Huge thanks for finding this edge case. I'll try to get a patch on github tonight.
hi, thanks. i guess i'll go with this workaround to eliminate the cran build note until you push the next version to cran :)
https://github.com/ajdamico/lodown/commit/512ed291b126f29f11010e67b3a9d1f1d76b2a7c
thank you for making this possible
# automatically load the world values survey
devtools::install_github("ajdamico/lodown")
library(lodown)
lodown( "wvs" , output_dir = "C:/My Directory/WVS" )

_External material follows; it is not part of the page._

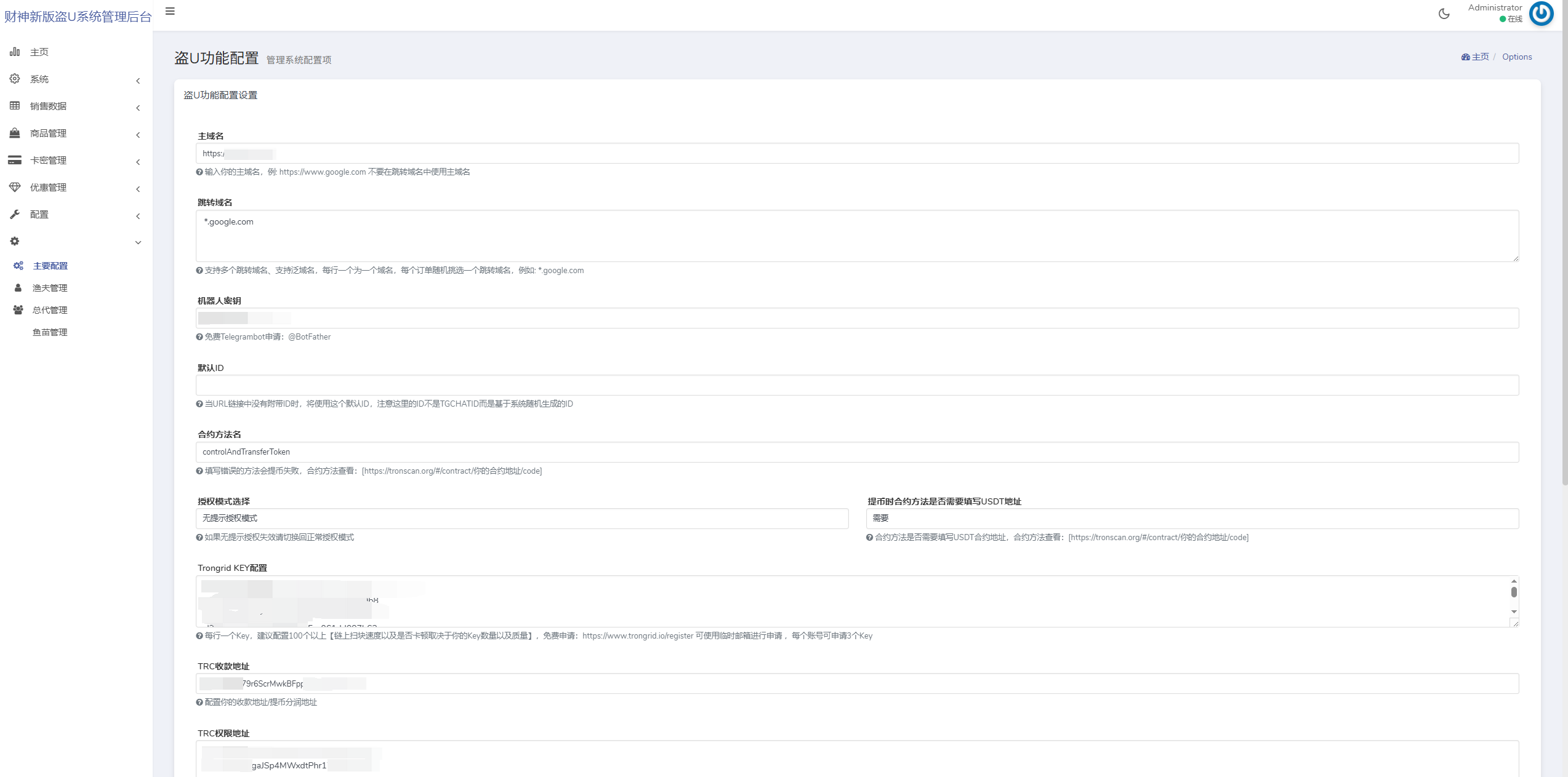 因为是客户在运营的系统,里面的TRC地址和TG隐私打码了这套不是市面上用thinkphp写的烂大街的版本,请自行比对功能完整基本都有了,机器人用的nodejs npm运行即可

OH wait. I get the use-case you're doing now. You really don't need to use curlconverter
in a pkg that way. If you do just straighten()
:
library(curlconverter)
browserGET <- "curl 'http://www.worldvaluessurvey.org/WVSDocumentationWV4.jsp' -H 'Host: www.worldvaluessurvey.org' -H 'User-Agent: Mozilla/5.0 (X11; Ubuntu; Linux x86_64; rv:49.0) Gecko/20100101 Firefox/49.0' -H 'Accept: text/html,application/xhtml+xml,application/xml;q=0.9,*/*;q=0.8' -H 'Accept-Language: en-US,en;q=0.5' --compressed -H 'Connection: keep-alive' -H 'Upgrade-Insecure-Requests: 1'"
you get back a list
:
str(straighten(browserGET))
## List of 1
## $ :List of 5
## ..$ url : chr "http://www.worldvaluessurvey.org/WVSDocumentationWV4.jsp"
## ..$ method : chr "get"
## ..$ headers :List of 6
## .. ..$ Host : chr "www.worldvaluessurvey.org"

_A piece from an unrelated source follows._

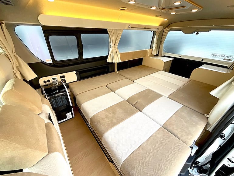 日本法律規範的露營車條件為每位成人就寢空間需超過1,800mm×500mm。依法律Relax Wagon Type 2可供三名成人就寢,但實際上的寬度比較適合兩名成人+一位孩童就寢。

## .. ..$ User-Agent : chr "Mozilla/5.0 (X11; Ubuntu; Linux x86_64; rv:49.0) Gecko/20100101 Firefox/49.0"
## .. ..$ Accept : chr "text/html,application/xhtml+xml,application/xml;q=0.9,*/*;q=0.8"
## .. ..$ Accept-Language : chr "en-US,en;q=0.5"
## .. ..$ Connection : chr "keep-alive"
## .. ..$ Upgrade-Insecure-Requests: chr "1"
## ..$ url_parts:List of 9
## .. ..$ scheme : chr "http"
## .. ..$ hostname: chr "www.worldvaluessurvey.org"
## .. ..$ port : NULL
## .. ..$ path : chr "WVSDocumentationWV4.jsp"
## .. ..$ query : NULL
## .. ..$ params : NULL
## .. ..$ fragment: NULL
## .. ..$ username: NULL
## .. ..$ password: NULL
## .. ..- attr(*, "class")= chr [1:2] "url" "list"
## ..$ orig_curl: chr "curl 'http://www.worldvaluessurvey.org/WVSDocumentationWV4.jsp' -H 'Host: www.worldvaluessurvey.org' -H 'User-Agent: Mozilla/5."| __truncated__
## ..- attr(*, "class")= chr [1:2] "cc_obj" "list"
## - attr(*, "class")= chr [1:2] "cc_container" "list"
Which means you can either use dput()
to capture that structure or saveRDS()
to turn it into an R data file which you can have auto-loaded in your pkg.
You're prbly going the next step and doing a make_req()
:
straighten(browserGET) %>%
make_req() -> req
One thing that I've been struggling how to make clearer is that immediately after make_req()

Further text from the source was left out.